Thursday, November 27, 2008

Superman, eh?!

October 5, 2008

I was chatting with an old friend at a Terry Fox event last week. He told me he just heard the cutest thing. He was standing near a little boy who had finished his run when the boy exclaimed between breaths, "Wow, I'm so good at running, I should just run around Canada."

Now, that's Canadian courage.

The kind of courage that Terry Fox himself displayed when he dipped his artificial leg into the Atlantic Ocean at the start of his iconic journey across Canada. Fox was once heard saying, "I remember promising myself that should I live, I would prove myself deserving of life." He dreamed that each Canadian would give $1 to Cancer research so that one day, a cure would be found.

Fox didn't make it across Canada, but a few months before he died, his dream was realized.

Canadians had donated over $24 million to the Marathon of Hope, the population at the time was 24 million.

The Marathon of Hope is and always was about more than cancer. It's about the little boy who now believes he can just run around Canada. Terry's courage is the part that people remember - the thing that makes him a hero.

Heroes aren't too rare a phenomenon in Canada. In fact, the nation is more like the planet Krypton than most may think.

Superman's creator was actually an average Canadian Joe ... Joe Shuster. I'm sure many remember that Historica moment on TV at the train station when the lady says " a hero in tights? It'll never fly." And the young man says, "Fly, no, but he can leap over tall buildings."

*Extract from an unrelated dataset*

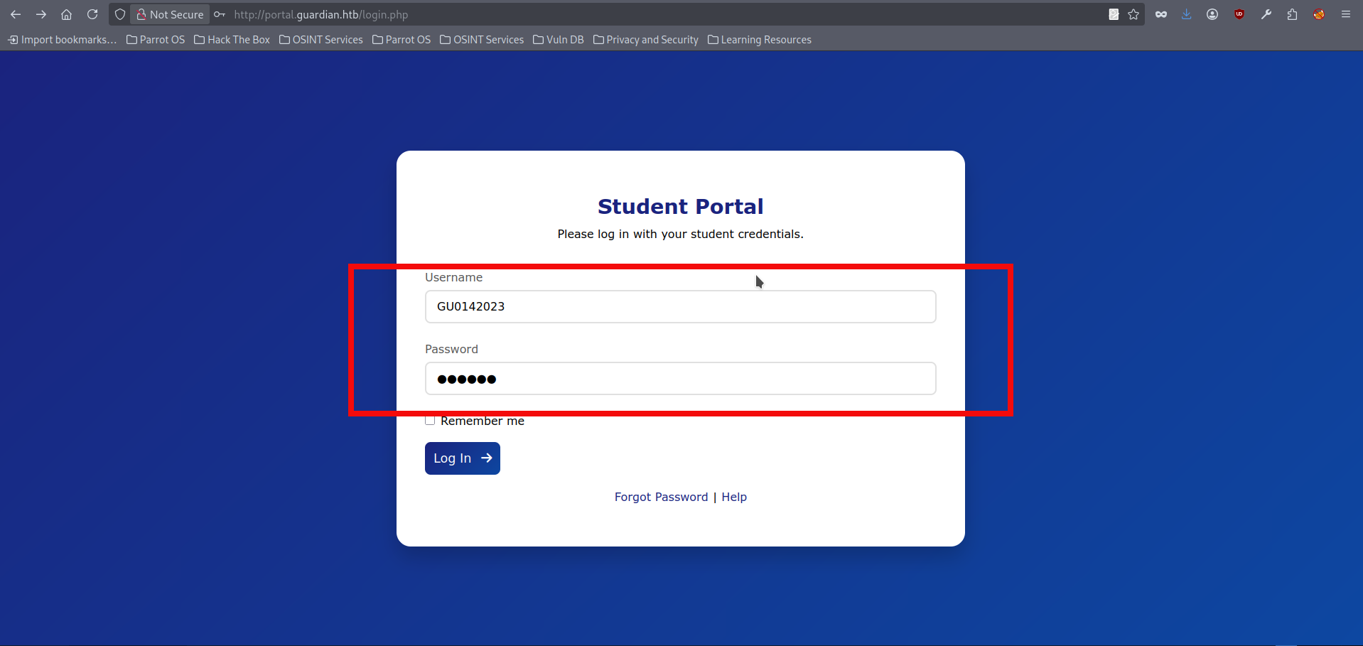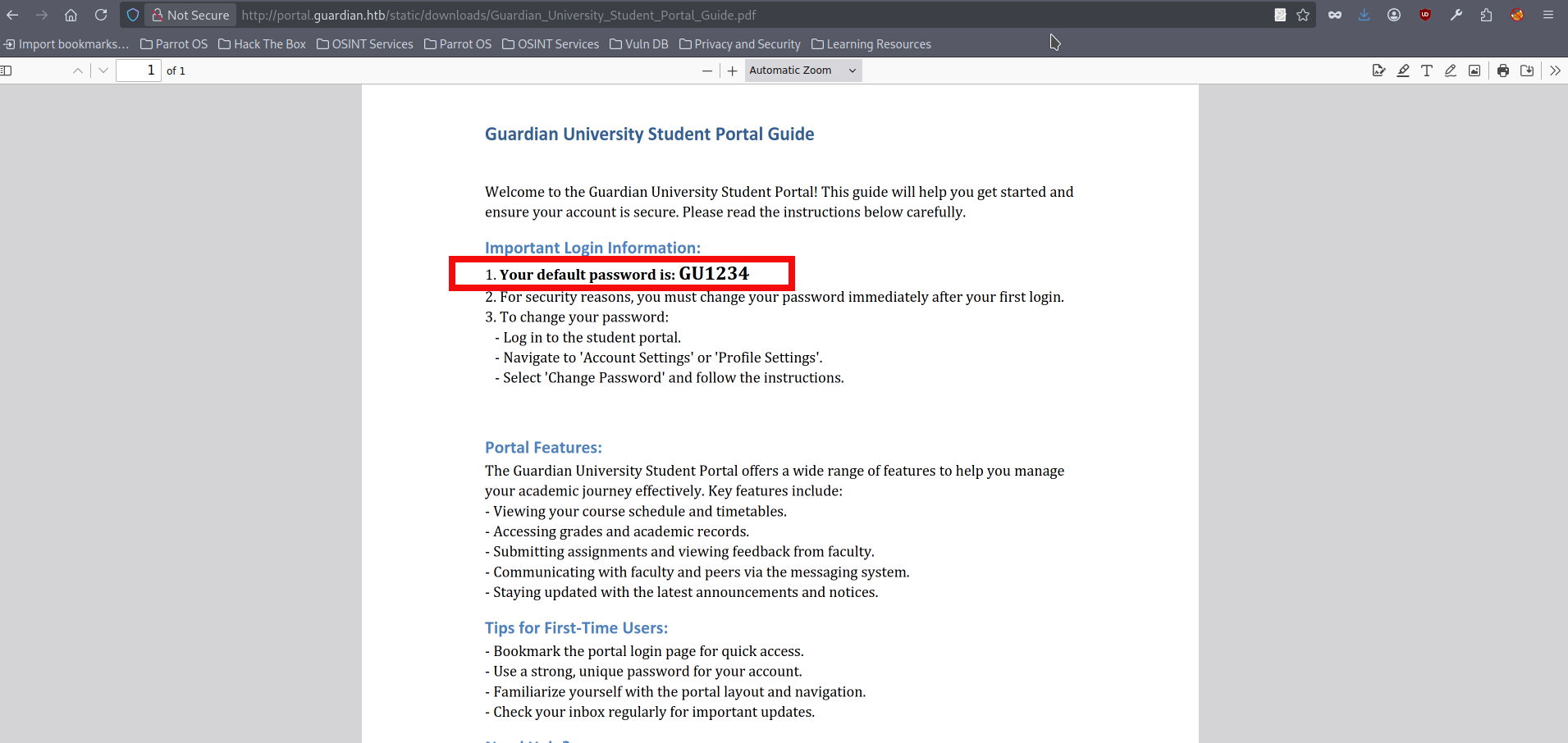 - If we try these emails on the portal.guardian.htb login page, one of them (GU0142023) unexpectedly works:
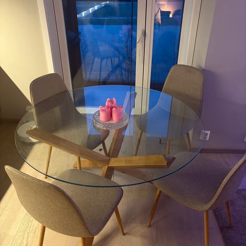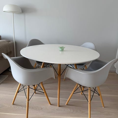 Selger denne fine spisegruppen. Bordet er ringsted og størrelsen er Ø100. Stolene er jonstrup.

Then he hands a sketch of the Man of Steel.

Shuster moved to the United States and worked from there to sell his hero and start a comic book trend. Superman, however, was decidedly Canadian.

Canuck novelist Mordecai Richler said Superman's extraordinary strength, speed and superhuman powers hidden under a modest, even bland, alter ego makes him an archetypal Canadian personality.

The Man of Steel is a universal hero known as the champion of virtue completely content to take no credit for his deeds and instead live as a quiet and subtle man.

I like Canadian heroes. For some reason, they get their head on right and it stays that way. They see enough of reality to stay grounded, but dream big enough to defy odds. Maybe it's because they aren't chased everywhere by paparazzi and they rarely have to get restraining orders against 12 year-old girls and their mothers. Maybe it's because they are Canadians first, and heroes second.

Lucille Teasdale was Montreal born, and despite growing up in a working-class family in the 1930s, she was determined to go to medical school. She graduated at 26 and while interning decided she wanted to be a surgeon. Canada and the U.S. refused to admit her, and she later moved to France where she was accepted by two hospitals and licensed as a surgeon.

She married another doctor and moved to Uganda to start a hospital. She treated 13,000 patients throughout her career in Uganda. She worked through wars, AIDS epidemics and unimaginable carnage.

Teasdale contracted HIV in the 1980s, probably while operating on a soldier. She was given two years to live. She continued to perform surgeries in Uganda until 1993. She said simply, "If I didn't do it, the patients would die." When surgery became too difficult, she and her husband set up a foundation to guarantee the future of their hospital, and for the last two years of her life, Teasdale toured the world to raise funds for the foundation. The hospital is now one of the largest medical centres in Uganda.

Fox and Teasdale were both recipients of the Order of Canada, the nation's highest civilian award. The order recognizes lifetime achievement and merit in service to Canada or humanity at large. There's a motto for order recipients - a member of the Order of Canada must desire a better country.

They prove not only that they are deserving of life, but also that life is worth desiring.